Inoltre, l’amnistia non sarà più permessa per i crimini previsti dalla Corte. Grazie a questo strumento, la tensione tra amnistia e lotta contro l’impunità fa pendere chiaramente la bilancia a favore della lotta contro l’impunità. Questo stato di fatto riflette l’incidenza delle ONG nella loro volontà di prevedere degli strumenti di protezione delle popolazione.

La CPI, oltre ad essere uno strumento di azione giudiziaria e di lotta contro l’impunità è uno strumento di dissuasione efficace?

La risposta è certamente mitigata quando si considera, per esempio, la situazione in Siria e le numerose minacce di apertura d’inchiesta contro i belligeranti. Di fronte agli interessi delle grandi potenze in Siria, ci sono poche chance di veder materializzarsi una risoluzione del Consiglio di Sicurezza che preveda l’apertura di un’inchiesta in questo paese. In certi casi, gli interessi nazionali prevalgono chiaramente e lo strumento del diritto è brandito. In Africa dell’ovest, la minaccia di fare ricorso alla CPI sembra essere largamente accettata e funzionante. Delle minacce di ricorso alla CPI sono state utilizzate sia da parte del Segretario Generale delle NU sia dalle organizzazioni regionali come la CEDEAO.

L’importanza della Corte come strumento con una propria mission nel contesto internazionale è innegabile. Si constata che oltre alla funzione di strumento di lotta contro l’impunità, si aggiunge la sua funzione centrale nella ricostruzione post-conflitto (peacebuilding).
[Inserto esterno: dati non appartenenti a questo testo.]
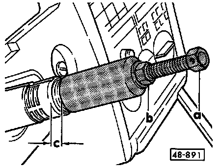 - Hold spindle (a in illustration) and tighten hex nut (b in illustration) to compress spring until reaching specified dimension (c in illustration) (between end of steering column tube and end of special tool).
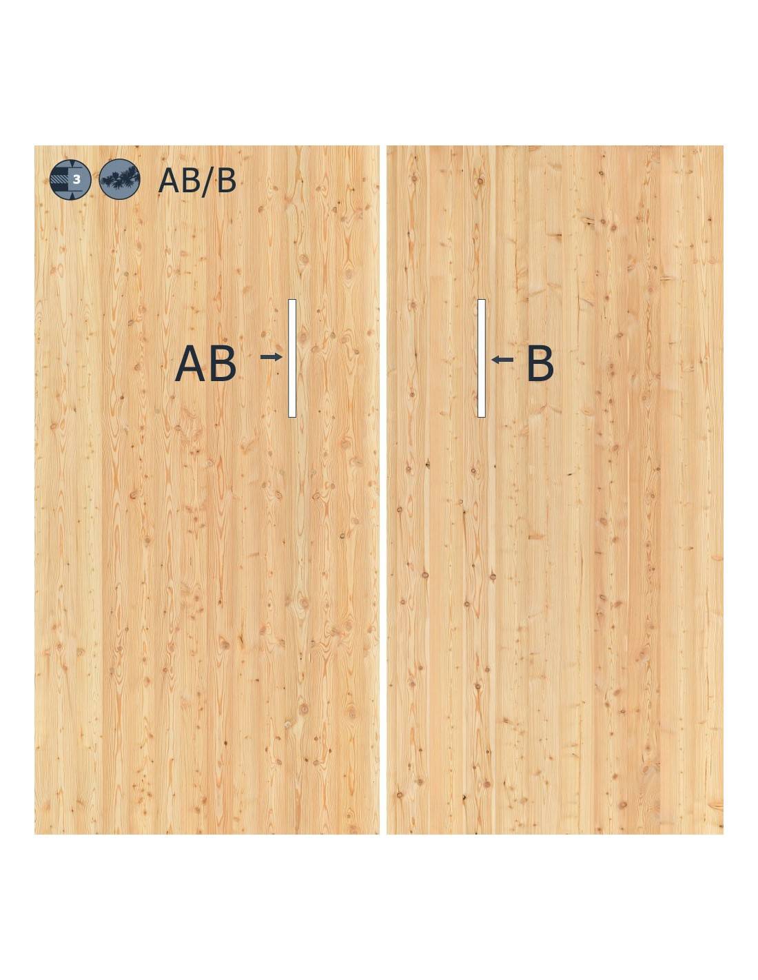 AB: Homogeneous surface with closed joints, discreet growth rings, sound knots and resin pockets tolerated, overall harmonious appearance.
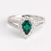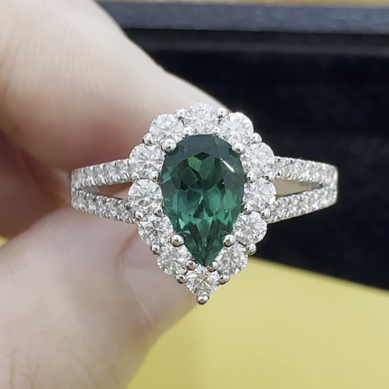 【莫桑鑽】1克拉梨形培育祖母綠V型莫桑微鑲臂S925銀鍍K金戒指
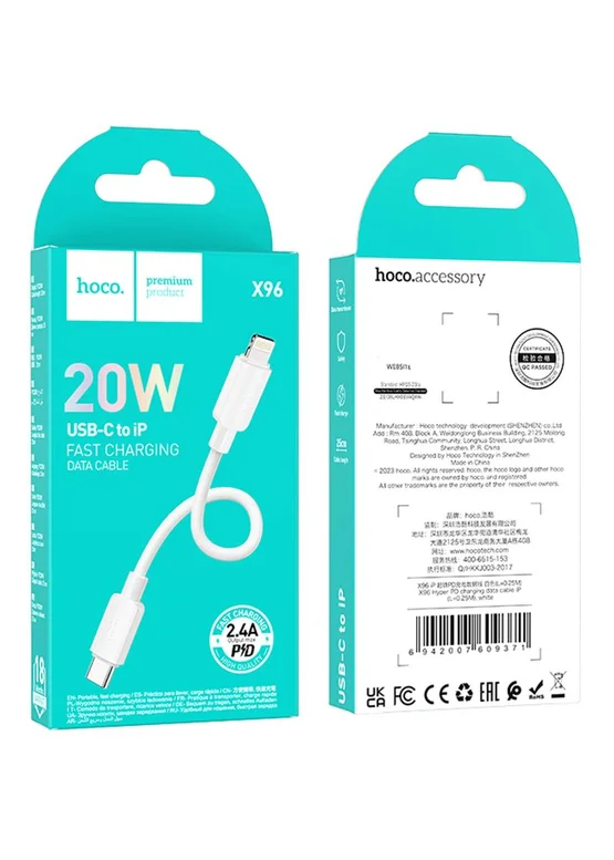 Дата кабель Hoco X96 Hyper Type-C to Lightning 20W (1m) White
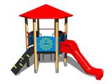 Tower, roof, slide, sloping ramp with the rope and HDPE steps, 3x barrier from HDPE, ladder. More information
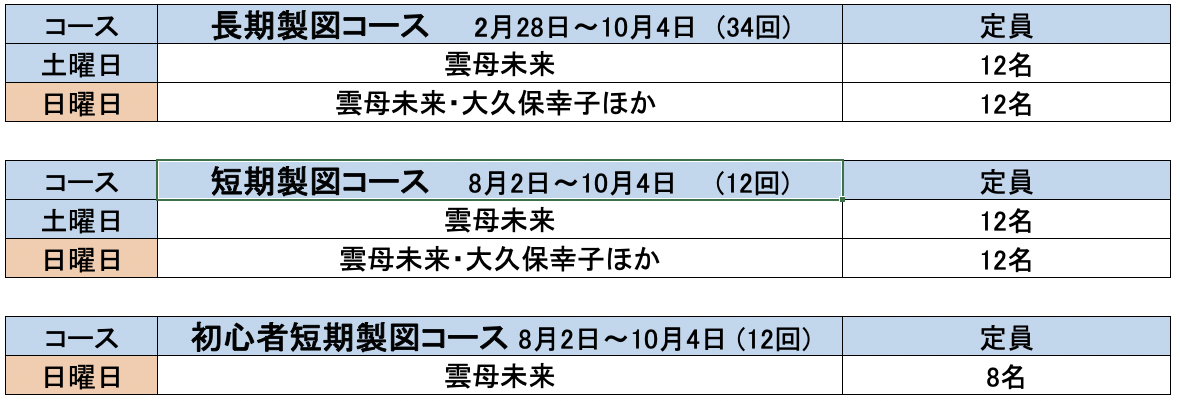 2025年長期製図コース、学科コースの募集を開始しました。
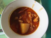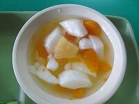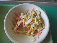 今日の献立は、カレーライス、キャベツとコーンのソテー、フルーツポンチ です。
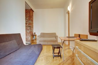 Апартаменты находятся на 3 этаже четырехэтажного дома (без лифта) и могут быть арендованы вместе с ID 346, расположенной в том же доме и оформленная в таком же стиле (кирпичные стены, минимум мебели, напольные светильники, барная стойка, зеркала).
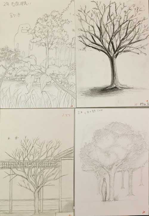 さのです。学校では折々、樹のスケッチを描いてご覧と生徒たちに勧めています。授業でも、近くの京都御苑にみんなで行って、樹を描く練習をしますが、面白いことに、同じ樹でも人によって描かれる姿がずいぶん違います。みんな違うところがいいですね。
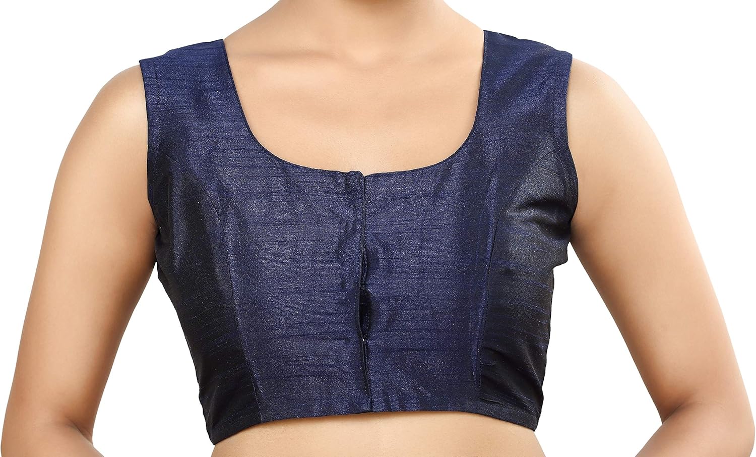 A Fully Stitched Non-padded Sleeveless Readymade Blouse with an Embroidered Design at the Back. This Blouse has Round Neck Design in Front and Boat Neck Design at the Back. It opens from the front with Hooks as the Closure type. Pure Cotton Inner Lining is provided for Xtraa Comfort and Margins for Xtensions are also provided. Available in Attractive Six Colours and 5 Sizes.

In effetti, “la corte stabilisce i principi applicabili alle forme di riparazione, come la restituzione, l’indennizzo o la riabilitazione, da accordare alle vittime o a chi ne ha diritto”. Il Prof. Vincent Chetail ritiene che in un contesto caldo che segue le situazioni di conflitto armato, giudicare i crimini di guerra è una tappa essenziale ai fini di restaurare la pace e di procedere ad una rottura con il passato. Egli aggiunge inoltre che l’esperienza ha dimostrato che la riconciliazione e la riparazione delle vittime ha dei benefici in un approccio che unisce gli aspetti interni e internazionali della giustizia, il quale ha un obiettivo che va al di là della semplice repressione criminale dei crimini commessi nel passato.

Vista l’importanza della corte, tutte le ONG e gli operatori sociali in contesti difficili dovrebbero far propria la missione di informare correttamente sul funzionamento e sugli obiettivi della CPI, in modo da aiutare a cambiare la percezione di “(in)giustizia internazionale” che buona parte della popolazione civile ha.